Member News

USCIS Adjudicators Given the Go-Ahead to Deny Cases Without First Issuing a Request for Evidence

By Melissa Manna | Ogletree Deakins

Effective September 11, 2018, adjudicators for U.S. Citizenship and Immigration Services (USCIS) will have the authority to deny any application or petition that is incomplete or lacks sufficient evidence without first issuing a request for evidence (RFE) or notice of intent to deny (NOID).

The new guidelines are a reversal of the current policy, which requires that an RFE be issued unless there is “no possibility” that the deficiency can be remedied. Depending on the vigor with which it is enforced, this policy shift may eliminate the opportunity for petitioners and applicants to correct simple errors, like missing documents, or to beef-up documentation in support of an applicant’s eligibility, before the case is denied.
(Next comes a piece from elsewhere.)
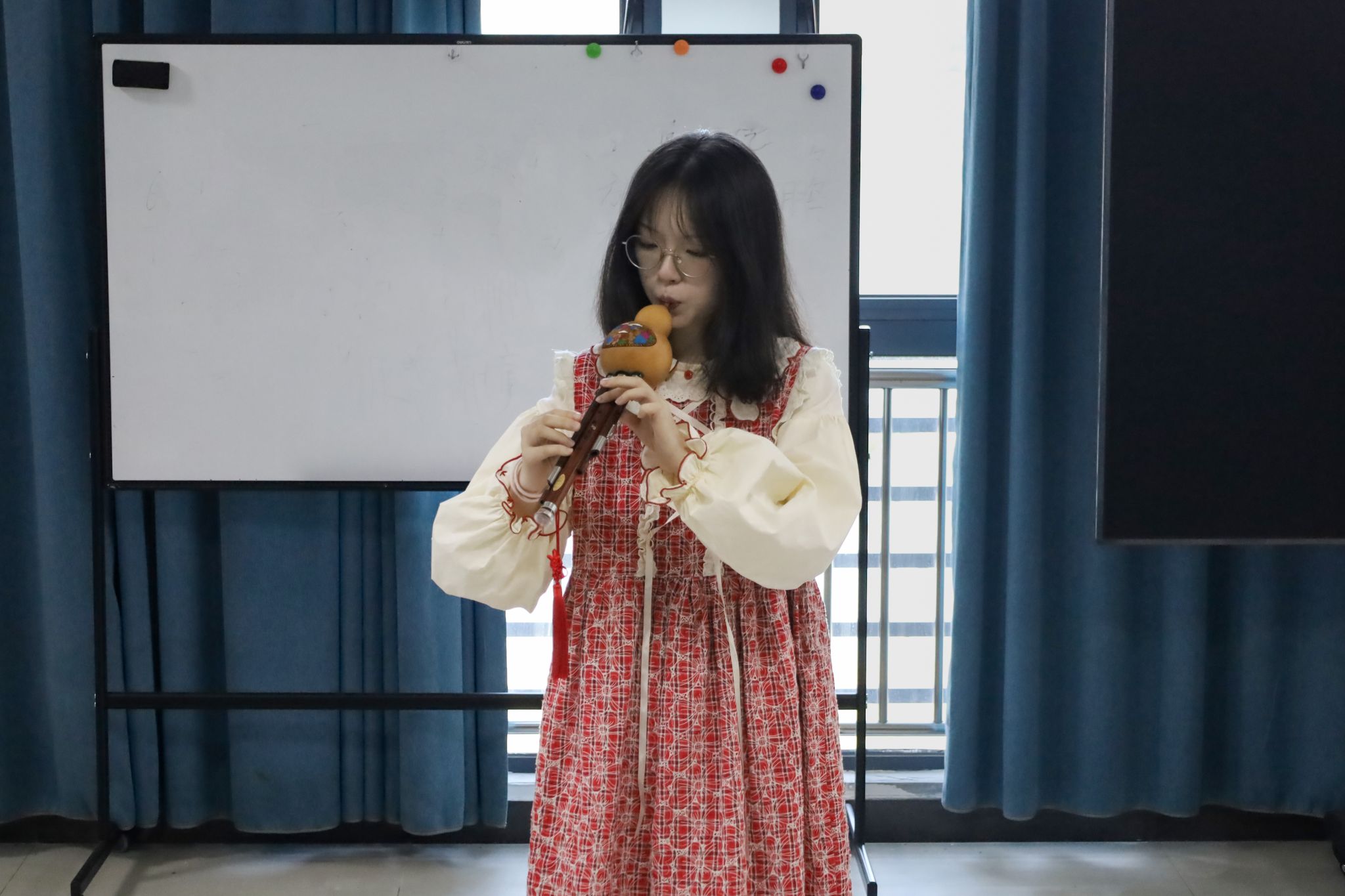 一首《强军战歌》嘹亮唱响,在歌颂新中国成立75周年的同时,其豪迈旋律营造了热烈氛围;葫芦丝伴唱《身骑白马》悠扬曲调与饱含深情的歌声交织,吸引观众纷纷拍照定格;诗歌朗诵《生如夏花》字调铿锵,伴随舒缓音乐,用声音传递诗词之美……,“国庆期间自己在家中练习了很久,但真正表演时还是比较紧张。”舞蹈《入梦江南》表演者、设计学类专业2024(3)班的陈雪莹分享自己第一次上台表演的感受,“很感谢学院给我‘勇敢’的机会,这是开启我大学生活的一个美好开端。”

USCIS provided the following examples of cases that may be denied after September 11, 2018:

  • A waiver application that is submitted without enough supporting evidence
  • A filing submitted without the required forms, such as an application for adjustment of status that is filed without the requisite affidavit of support

 

Key Takeaway

According to USCIS, the new guidelines are not intended to penalize individuals for “innocent mistakes or misunderstandings” of the requirements but rather to discourage people from submitting “frivolous or substantially incomplete filings,” which it calls “placeholder” applications. The policy language suggests that adjudicators have some discretion to determine when to deny an application or issue an RFE, but it is not yet clear how often they will exercise that discretion or whether they will err on the side of denials. 

The potential for increased denials by USCIS is especially concerning given the recent implementation of another USCIS policy that requires adjudicators to issue notices to appear (NTAs), thus commencing removal proceedings, for individuals they deem unlawfully present after their immigration applications have been denied. It is not yet known how either policy will play out in practice, though it seems likely that the two policies will work together to compound the negative consequences of an application denial by placing applicants at a greater risk of removal.

Given the increased consequences of a denial, every petition or application sent to USCIS should be checked and double checked to ensure accuracy, eligibility, and that sufficient documentation has been provided to support the immigration benefit requested. Employers may want to verify that all of their sponsored positions and sponsored employees meet the requirements for their visa categories. They may also want to consider what level of involvement they will have if one of their sponsored employees is placed in removal proceedings.

Ogletree Deakins’ Immigration Practice Group will continue to monitor developments with respect to these changes and will post updates on the Immigration blog as additional information becomes available.